3 kilos y medio

¿Quién puede creerse esto? Yo sé que yo no. Si me hubierais dicho hace una hora que ahora estaría tumbada en la cama sintiéndome tranquila, feliz y absolutamente llena de júbilo, me habría reído en vuestras caras. Bueno, no me habría reído. Estaba sucumbiendo a una muerte por parto, pero ya sabéis lo que quiero decir.

—Se te ve absolutamente beatífica —me dice Suzie, sentada en el borde de la cama.

Fuese lo que significaba eso, lo sentía plenamente.

—Y es una verdadera preciosidad —añade.

Bajo la mirada hacia el diminuto rostro que asoma debajo del arrullo. No existen palabras para expresar lo hermosa que es. Habrá que conformarse con «verdadera preciosidad».

—Es igualita a ti, Dayna.

Y por lo tanto a mi madre.

Oh, Dios mío, esto es tan perfecto. No me imaginaba que pudiera sentirme tan bien. Si me muriese ahora... Ya sé que he tenido bastante muerte en lo que llevo de existencia para toda una vida y mi propio fallecimiento no es algo en lo que quiera pensar, pero si tuviera que ponerle fin ahora, habría tenido todo cuanto podía haber deseado...

—Ojalá tu padre estuviera aquí para ver esto —dice Suzie—. Estaría muy orgulloso.

—Me cuesta creer que esté diciendo esto —respondo tranquilamente—, pero a mí también me habría gustado que estuviera aquí.

Ambas levantamos la vista cuando Emily entra corriendo en la habitación.

—¿Todavía no ha llegado? —pregunta—. Menudo inútil. Llegaría tarde a su propio entierro.

—No te metas con él. Seguro que hace lo que puede —le digo. Me siento de un humor capaz de perdonar cualquier cosa.
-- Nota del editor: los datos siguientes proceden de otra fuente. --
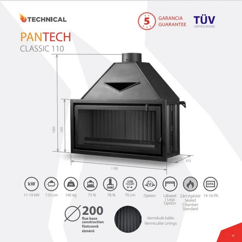 PanTech 110 Classic kandallóbetét, 11-19kW
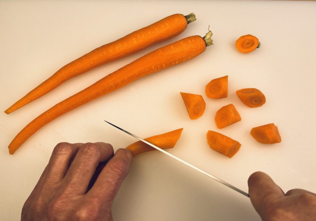 - Roll-cut each carrot: Starting at the thick end, make a sharp diagonal cut about ¾ inch from the end; Roll the carrot a quarter-turn away from you, and then make another diagonal cut. Continue to the pointed tip, making the pieces longer as they get thinner. (To view a video of this technique, use the link in the lesson section of the recipe post.)
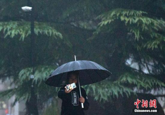 资料图:市民在雨中自拍。 中新社记者 刘关关 摄
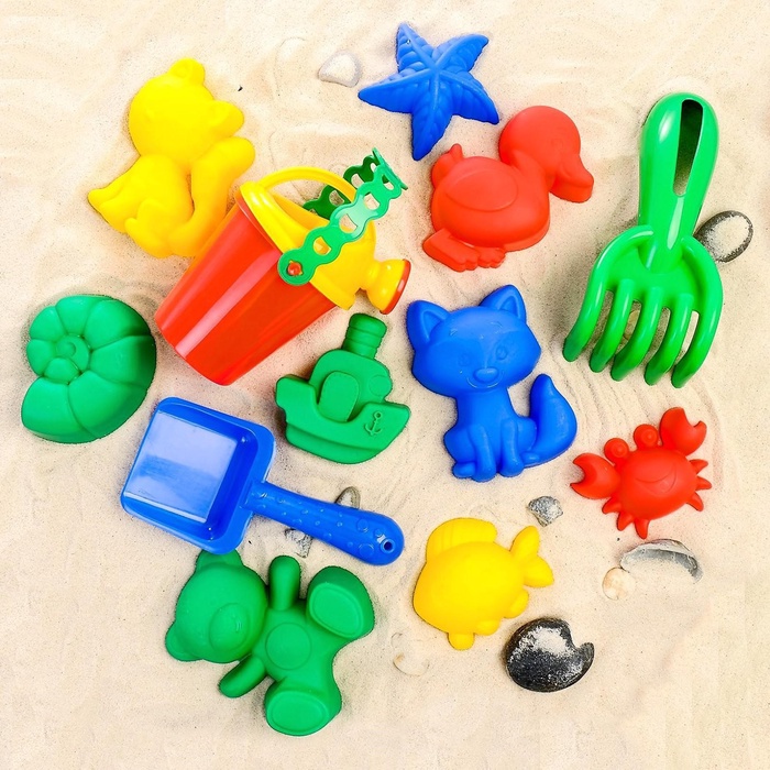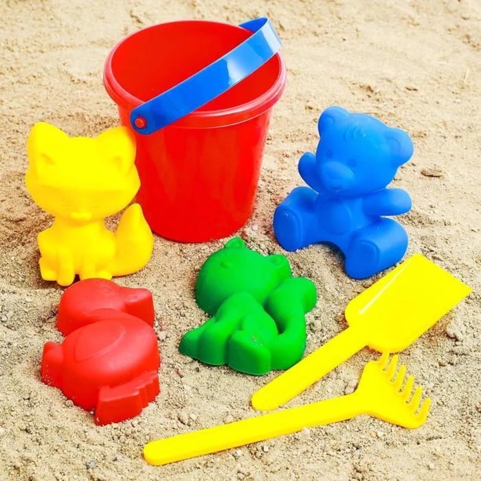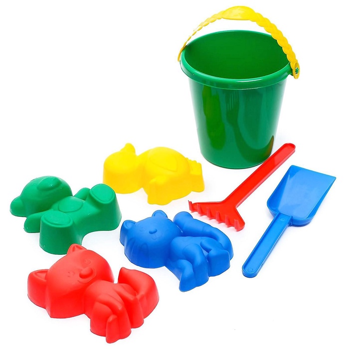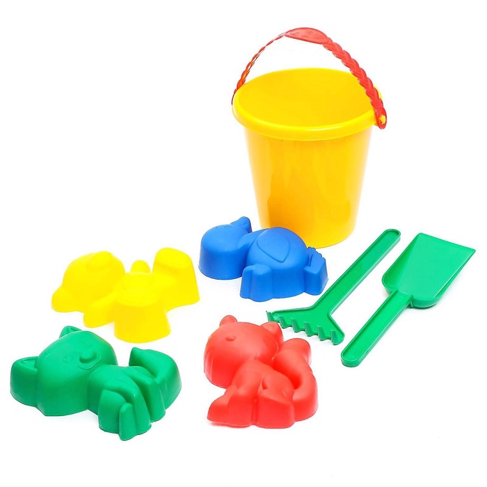 Набор игрушек для песочницы: ведёрко, 4 формочки для песка, грабли, лопатка, МИКС 10 фото

Una cara asoma detrás de la puerta.

—¡Mark! —exclamo.

Lleva en la mano un ramo de flores y su rostro tiene un color bastante más rosado que durante mis veinticuatro horas en el infierno.

—No sabía qué traerte. Era esto o los bombones, pero me parecía que no tendrías hambre.
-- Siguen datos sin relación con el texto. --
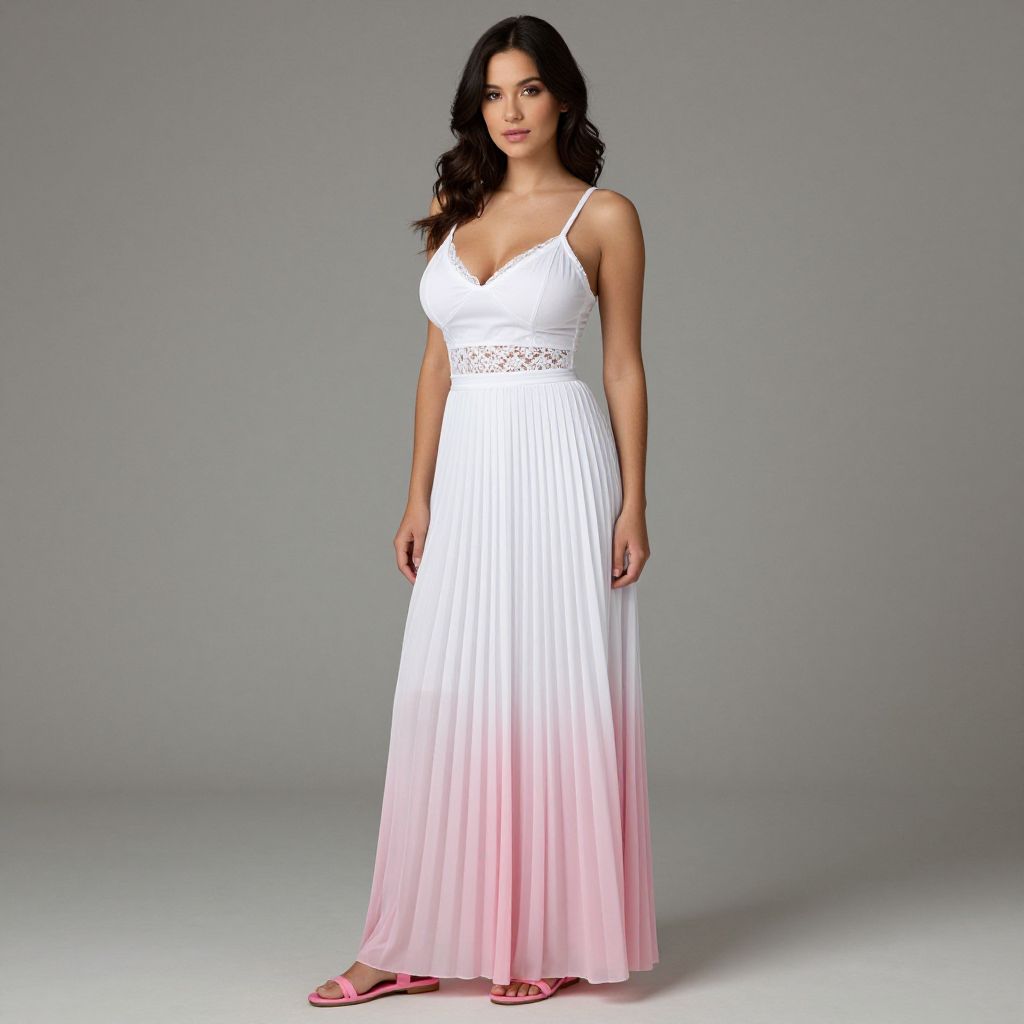 "Woman, girly, white fitted top with spaghetti straps and lace detail at waist, pleated ombre skirt transitioning from white to pink, floor-length, flat pink sandals.. Sexy. Pretty face and beаutiful eyes. Big breasts."
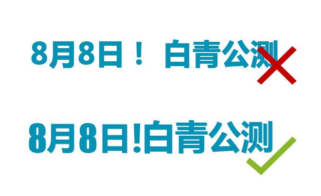 上圖打叉的是我們經(jīng)常忽略的小細節(jié),用系統(tǒng)默認字體的大小打完專題,你會發(fā)現(xiàn)其實中文和英文的大小是不一樣的,上圖數(shù)字“8”相比較“月”和“日”明顯略小,這樣,標題會有種上下起伏的感覺,不穩(wěn)當,第二個是字的間距,默認打完嘆號離文字過遠,直接斷開了2句話,有必要去調(diào)整下字的間距,調(diào)整后字號也變得更大空間得到合理運用!
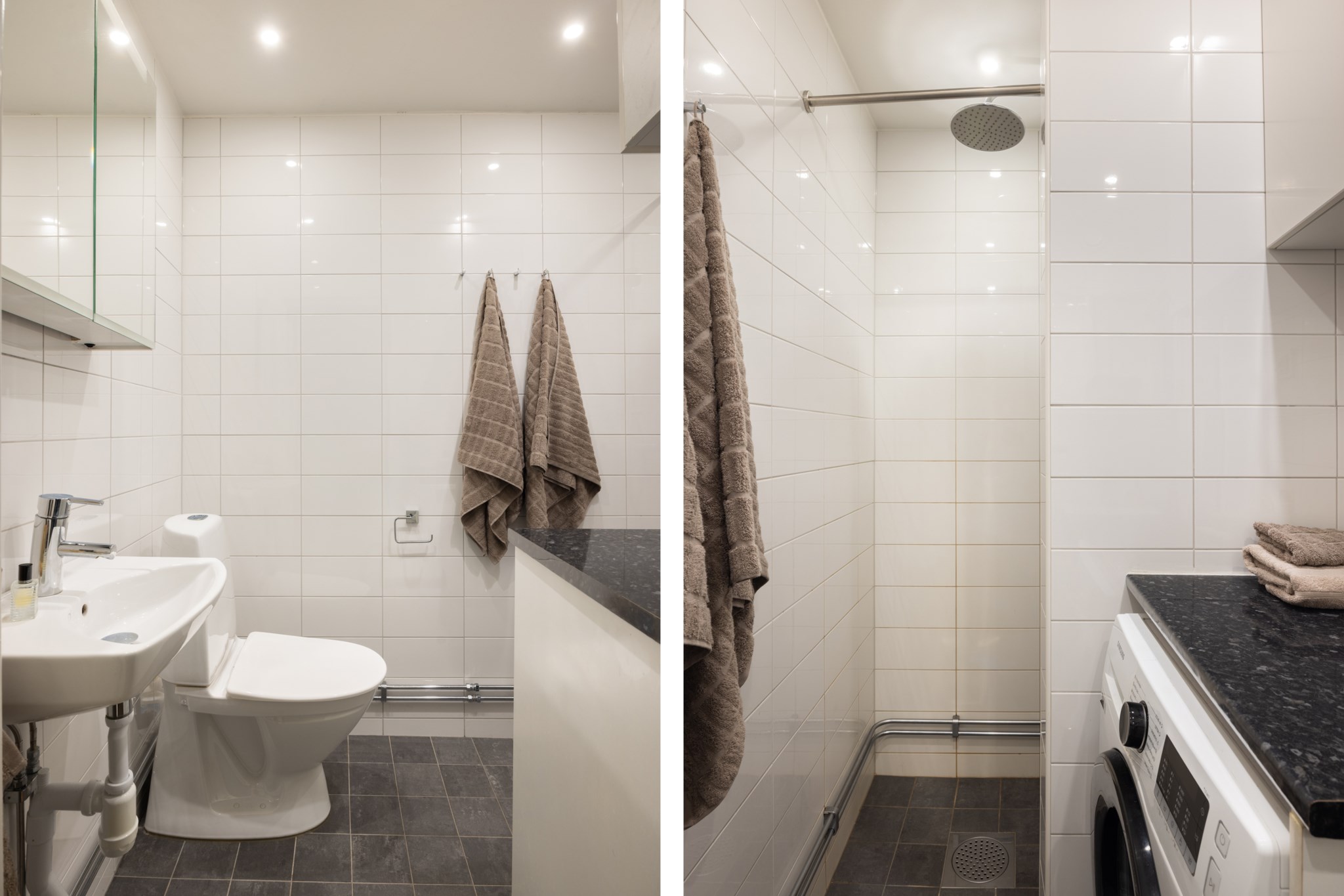 Modernt helkaklat badrum med ljust kakel och grått klinkergolv. Badrummet är inrett med WC, handfat, spegelskåp, badrumsförvaring samt tvättmaskin. Duschhörnan är utrustad med en lyxig takdusch.

Pero ¿qué dice? Acabo de perder tres kilos y medio y estoy hambrienta.

—Son preciosas —digo—. Gracias.

Emily, que sigue en su papel de mi asistente, le coge las flores. Mark se acerca a la cama.

—¿Puedo verla? —pregunta.

Inclino a mi bebé —¡mi hija!— hacia él para que la vea.

—Es... maravillosa —dice, sobrecogido, saltándole las lágrimas—. Enhorabuena, Dayna. Te felicito.

—Gracias —respondo—. Por cierto, y no me malinterpretes, pero ¿qué estás haciendo aquí? Te lo iba a preguntar antes, pero...

—No pasa nada, estabas ocupada. Ya sabes que trabajo como voluntario aquí. Pues mientras visitaba a una de mis abuelitas, me topé con Suzie y la acompañé. Espero que no te importe.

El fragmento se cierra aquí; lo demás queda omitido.